Very often there will be some markers for a particular disease that have reached “Established” status, while some have not.   In these cases there can be two reports (one Established, and one Preliminary) for the same condition.   This allows us to provide customers with a fuller picture of the scientific research, while at the same time indicating differing levels of confidence in different markers.
The apparently conflicting predictions of an Established report and a Preliminary report are not inconsistent.   Consider smoking, weight and your risk of heart disease.

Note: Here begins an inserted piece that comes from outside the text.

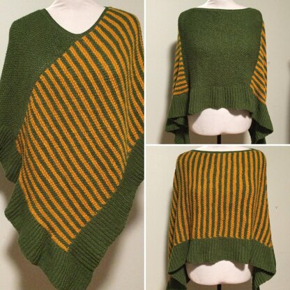 To make the poncho using two-colors as shown, you'll need approximately 1000 yds in one color and 1800 yards in the second (more dominant) color.
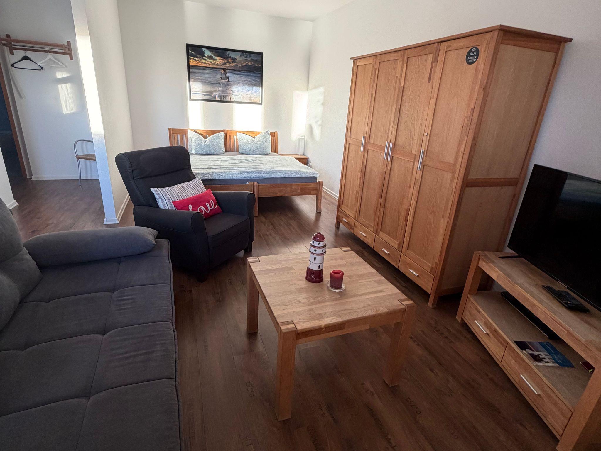 Die Studiowohnung hat eine Terrasse mit Blick aufs Wasser. Im der Wohnküche befindet sich eine neue Schlafcouch (Februar 2025) sowie ein 1,80m Bett, was man auch auseinander stellen kann.

Your weight might suggest a low risk for heart disease, while your smoking habits may suggest otherwise.   This example is analogous to cases of conflicting predictions in the GAO report, which rely on different genetic markers: one genetic variation may suggest an increased risk while another may suggest otherwise.

The GAO report does not reflect the great pains we have made on our website to make clear the differences between Established and Preliminary Research Reports.   We are, however, always looking for ways to improve our service, and we will take the feedback from GAO on this matter into consideration and look for even more ways to increase customer understanding.

5) “follow-up consultations offered by three of the companies provided only general information and not the expert advice the companies promised to provide”

This criticism does not apply to 23andMe because we do not have in-house genetic counselors.   We therefore can’t comment on the quality of the information provided by the “experts” the GAO had consultations with.

23andMe has always felt strongly that customers with questions about their data should consult with independent health care professionals so as to receive unbiased advice.   We provide a list of resources in every report directing customers to the National Association of Genetic Counselors, which maintains a website that can help people find local health professionals trained in genetics.

23andMe is also collaborating with Informed Medical Decisions, Inc., to give customers direct access to board-certified genetic counselors that have been specifically trained to guide them through their 23andMe results.   By design these counselors are independent of 23andMe, giving customers the opportunity to get unbiased information from a trained medical professional.

In conclusion, 23andMe is extremely disappointed that we did not have the opportunity to address all of these concerns at the Congressional hearing, or sooner, due to our lack of access to the report.   These are serious issues that deserve serious and thoughtful discussion.   Standards are needed in the genetic testing industry.   We have been working towards these since the inception of our company, and we were pleased to hear FDA say that they are interested in developing a new type of regulatory framework that can deal with the many special aspects of direct-to-consumer genetic testing while still providing consumers with the protections they need and deserve.   23andMe is meeting with the FDA today and looks forward to fruitful discussion.